Walt Whitman owes his importance in literature to the systematic expulsion from his writings of all contractile elements. The only sentiments he allowed himself to express were of the expansive order; and he expressed these in the first person, not as your mere monstrously conceited individual might so express them, but vicariously for all men, so that a passionate and mystic ontological emotion suffuses his words, and ends by persuading the reader that men and women, life and death, and all things are divinely good.

Thus it has come about that many persons to-day regard Walt Whitman as the restorer of the eternal natural religion. He has infected them with his own love of comrades, with his own gladness that he and they exist. Societies are actually formed for his cult; a periodical organ exists for its propagation, in which the lines of orthodoxy and heterodoxy are already beginning to be drawn;39 hymns are written by others in his peculiar prosody; and he is even explicitly compared with the founder of the Christian religion, not altogether to the advantage of the latter.

Whitman is often spoken of as a “pagan.” The word nowadays means sometimes the mere natural animal man without a sense of sin; sometimes it means a Greek or Roman with his own peculiar religious consciousness.

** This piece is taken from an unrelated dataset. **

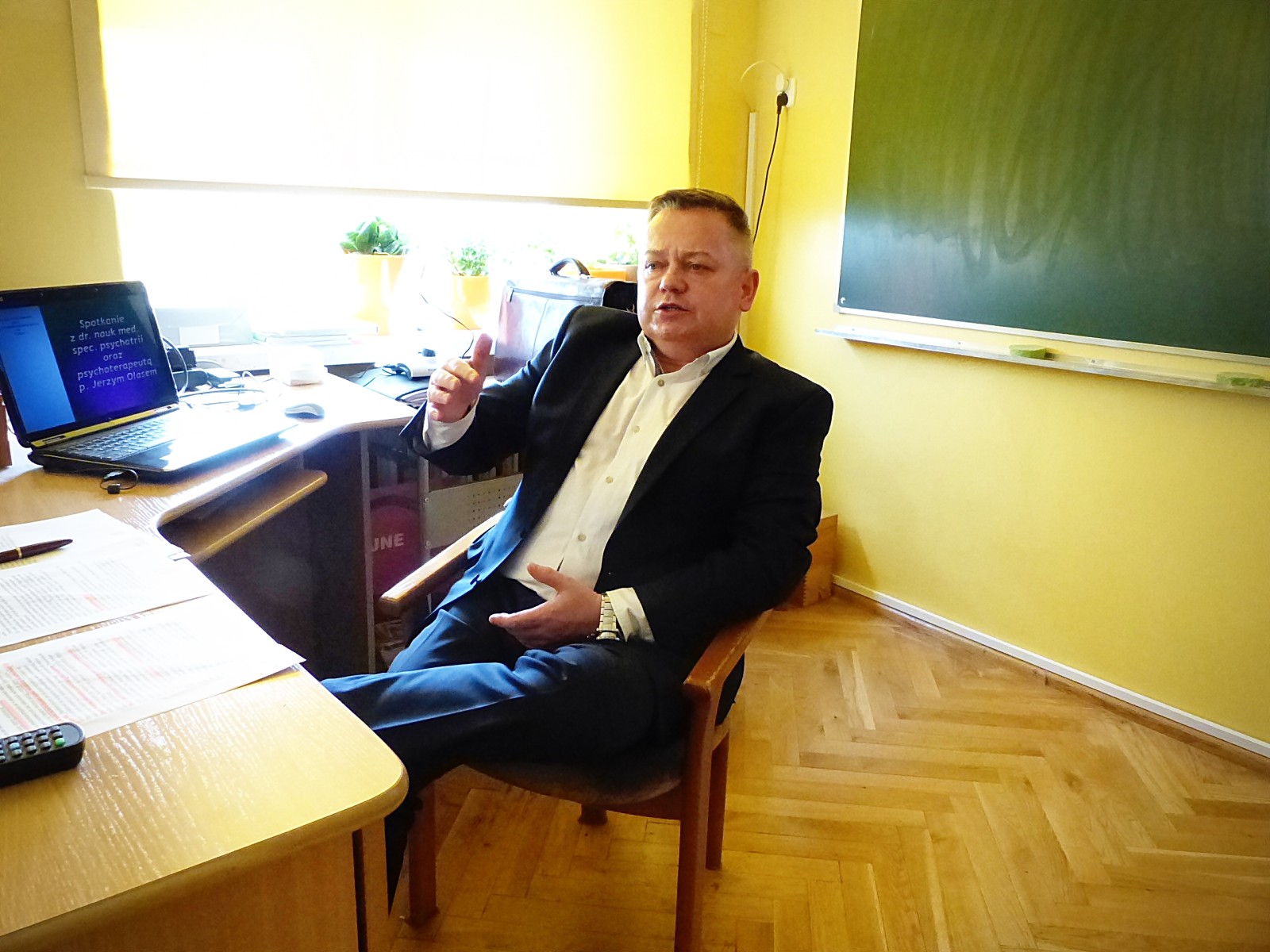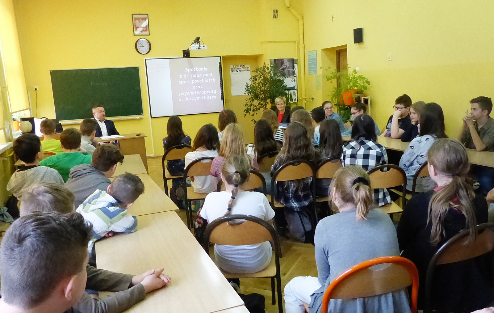 12 maja gościem w naszej szkole był dr nauk medycznych specjalista psychiatrii oraz psychoterapeuta Jerzy Olas, który prowadzi cykliczne warsztaty na tematy zdrowia psychicznego. W ostatnim spotkaniu uczestniczyli uczniowie klas szóstych wraz z nauczycielami. Tematem była depresja. Pan dr Jerzy Olas wprowadził w tajniki depresji, pomógł zrozumieć czym jest to zaburzenie i jak je rozpoznać. Uczniowie teraz już wiedzą, że częste bóle brzucha, zawroty głowy, zły nastrój, mogą być objawem depresji i powodem do zgłoszenia się do lekarza psychiatry. Pan doktor wskazał, że ważna w utrzymaniu równowagi psychicznej jest aktywność fizyczna i uregulowany rytm biologiczny.

In neither of these senses does it fitly define this poet. He is more than your mere animal man who has not tasted of the tree of good and evil. He is aware enough of sin for a swagger to be present in his indifference towards it, a conscious pride in his freedom from flexions and contractions, which your genuine pagan in the first sense of the word would never show.

30Mark Rutherford's Deliverance, London, 1885, pp. 196, 198.

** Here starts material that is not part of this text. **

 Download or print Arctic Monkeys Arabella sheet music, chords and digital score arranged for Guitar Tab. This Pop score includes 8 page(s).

31In his book (too little read, I fear), Natural Religion, 3d edition, Boston, 1886, pp. 91, 122.
32C. Hilty: Glück, dritter Theil, 1900, p. 18.

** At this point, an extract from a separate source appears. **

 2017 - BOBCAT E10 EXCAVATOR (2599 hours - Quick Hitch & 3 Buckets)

33The Soul; its Sorrows and its Aspirations, 3d edition, 1852, pp. 89, 91.
34I once heard a lady describe the pleasure it gave her to think that she “could always cuddle up to God.”
35John Weiss: Life of Theodore Parker, i. 152, 32.
36Starbuck: Psychology of Religion, pp. 305, 306.
37“I know not to what physical laws philosophers will some day refer the feelings of melancholy. For myself, I find that they are the most voluptuous of all sensations,” writes Saint Pierre, and accordingly he devotes a series of sections of his work on Nature to the Plaisirs de la Ruine, Plaisirs des Tombeaux, Ruines de la Nature, Plaisirs de la Solitude—each of them more optimistic than the last. This finding of a luxury in woe is very common during adolescence. The truth-telling Marie Bashkirtseff expresses it well:— “In this depression and dreadful uninterrupted suffering, I don't condemn life. On the contrary, I like it and find it good. Can you believe it? I find everything good and pleasant, even my tears, my grief. I enjoy weeping, I enjoy my despair. I enjoy being exasperated and sad. I feel as if these were so many diversions, and I love life in spite of them all. I want to live on. It would be cruel to have me die when I am so accommodating. I cry, I grieve, and at the same time I am pleased—no, not exactly that—I know not how to express it. But everything in life pleases me. I find everything agreeable, and in the very midst of my prayers for happiness, I find myself happy at being miserable. It is not I who undergo all this—my body weeps and cries; but something inside of me which is above me is glad of it all.” Journal de Marie Bashkirtseff, i. 67.
38R. M. Bucke: Cosmic Consciousness, pp. 182-186, abridged.
39I refer to The Conservator, edited by Horace Traubel, and published monthly at Philadelphia.